- **EXERCISE OBJECTIVE**
What must be handed in is the entire listing, exactly as written, with no pictures.

══ GIVEN MATERIAL

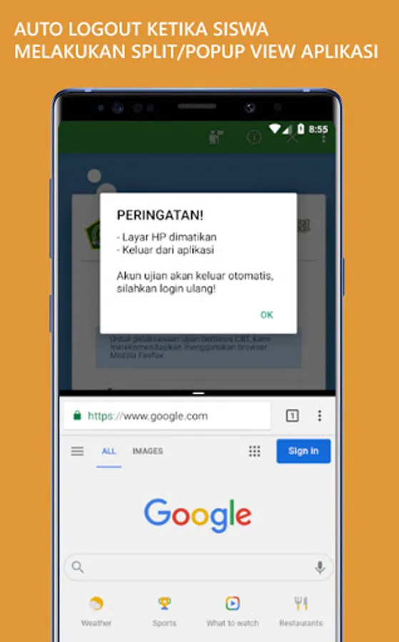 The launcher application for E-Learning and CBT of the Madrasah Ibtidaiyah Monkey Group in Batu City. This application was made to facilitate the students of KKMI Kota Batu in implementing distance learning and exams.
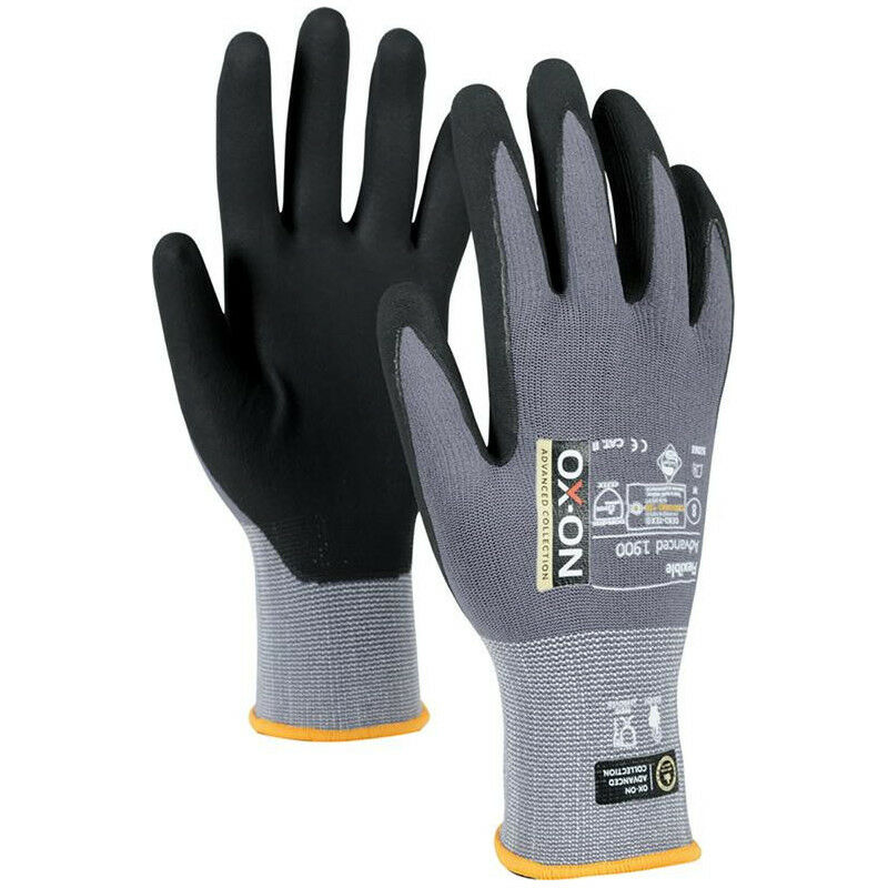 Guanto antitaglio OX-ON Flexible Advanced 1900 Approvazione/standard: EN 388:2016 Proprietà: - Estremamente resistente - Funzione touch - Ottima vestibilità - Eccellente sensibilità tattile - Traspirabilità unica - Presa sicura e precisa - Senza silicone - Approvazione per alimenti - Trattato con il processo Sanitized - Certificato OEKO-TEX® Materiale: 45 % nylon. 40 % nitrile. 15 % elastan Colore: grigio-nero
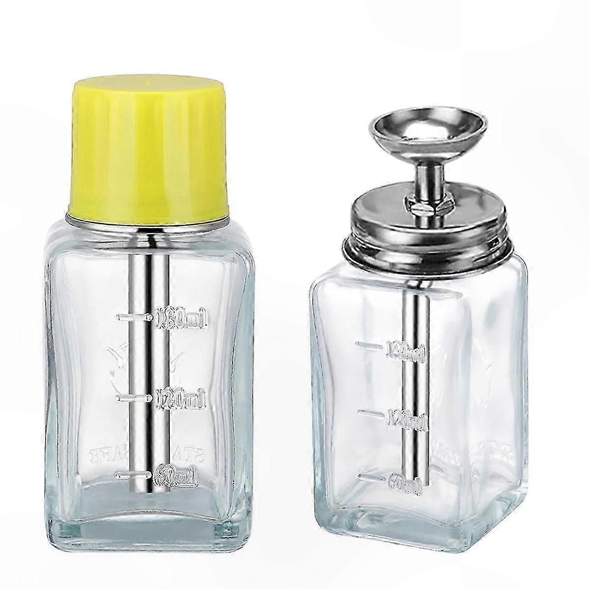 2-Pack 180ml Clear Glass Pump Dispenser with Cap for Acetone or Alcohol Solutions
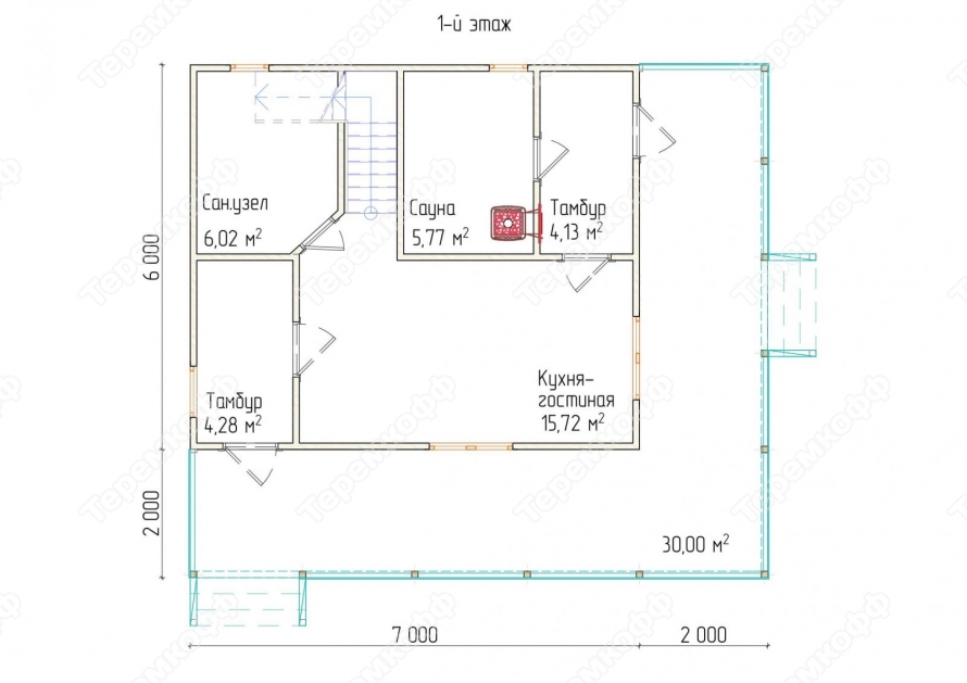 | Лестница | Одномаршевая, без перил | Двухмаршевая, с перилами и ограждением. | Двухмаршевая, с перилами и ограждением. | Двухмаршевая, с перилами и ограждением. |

════

- **REPLY TO THE TASK**
 The launcher application for E-Learning and CBT of the Madrasah Ibtidaiyah Monkey Group in Batu City. This application was made to facilitate the students of KKMI Kota Batu in implementing distance learning and exams.
 Guanto antitaglio OX-ON Flexible Advanced 1900 Approvazione/standard: EN 388:2016 Proprietà: - Estremamente resistente - Funzione touch - Ottima vestibilità - Eccellente sensibilità tattile - Traspirabilità unica - Presa sicura e precisa - Senza silicone - Approvazione per alimenti - Trattato con il processo Sanitized - Certificato OEKO-TEX® Materiale: 45 % nylon. 40 % nitrile. 15 % elastan Colore: grigio-nero
 2-Pack 180ml Clear Glass Pump Dispenser with Cap for Acetone or Alcohol Solutions
 | Лестница | Одномаршевая, без перил | Двухмаршевая, с перилами и ограждением. | Двухмаршевая, с перилами и ограждением. | Двухмаршевая, с перилами и ограждением. |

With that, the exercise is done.